The symposium also emphasized the value of other species, e.g., the naked mole rat, Brandt's bat, and Drosophila, in aging research. Overall, the symposium consolidated scientists with similar research interests and provided opportunities to conduct future collaborative studies.

Among the presentations discussed is one of the only studies on methionine restriction in humans I've seen, preliminary and brief as it was. It is worth noting in passing that in comparison to the mild reduction in methionine here, rodent life span studies on methionine restriction tend to cut down methionine levels in the diet by a much larger proportion.

Previous findings in rodent models that dietary MR increases maximum lifespan and reduces the development of aging-related impairments suggest that MR may have important implications as a preventive or therapeutic strategy in humans. However, to date, there have been few studies aimed at translating these pre-clinical findings to the clinic.

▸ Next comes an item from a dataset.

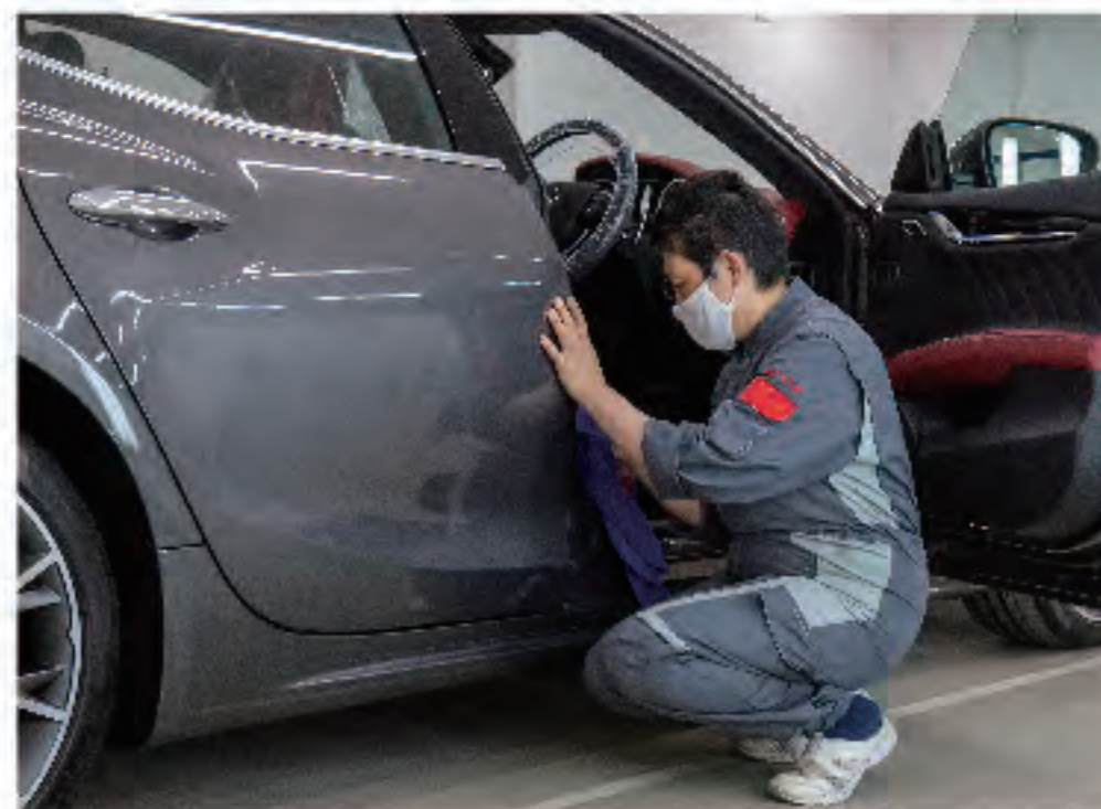
The PDI includes a number of inspections and tests.

To this end, we conducted a short-term controlled cross-over feeding study of MR in healthy adults. This study consisted of two isocaloric diet groups (control and 86% MR). Our objectives were to determine the feasibility of feeding an MR diet and to assess the effects of MR on relevant blood biomarkers. The study was conducted with 12 healthy adults and consisted of two 3-week experimental feeding periods with a 2-week washout. The MR diet was well-tolerated by all subjects with no negative side-effects reported.

Decreases in plasma levels of Met (22%) and cysteine (15%) were observed in the MR group after 3 weeks. MR significantly decreased plasma total cholesterol (15%), LDL (23%), and uric acid (25%), but had no effects on leptin, adiponectin, IGF-1, or glutathione.

Altogether, these findings demonstrate the feasibility of a MR diet in humans and indicate that MR has significant short-term effects on blood lipids similar to those observed in laboratory animal models. In addition, the lack of effects on blood adipokines and glutathione are consistent with more recent laboratory findings that indicate that restrictions in both Met and Cys may be required for the full range of beneficial effects on adipokines and longevity.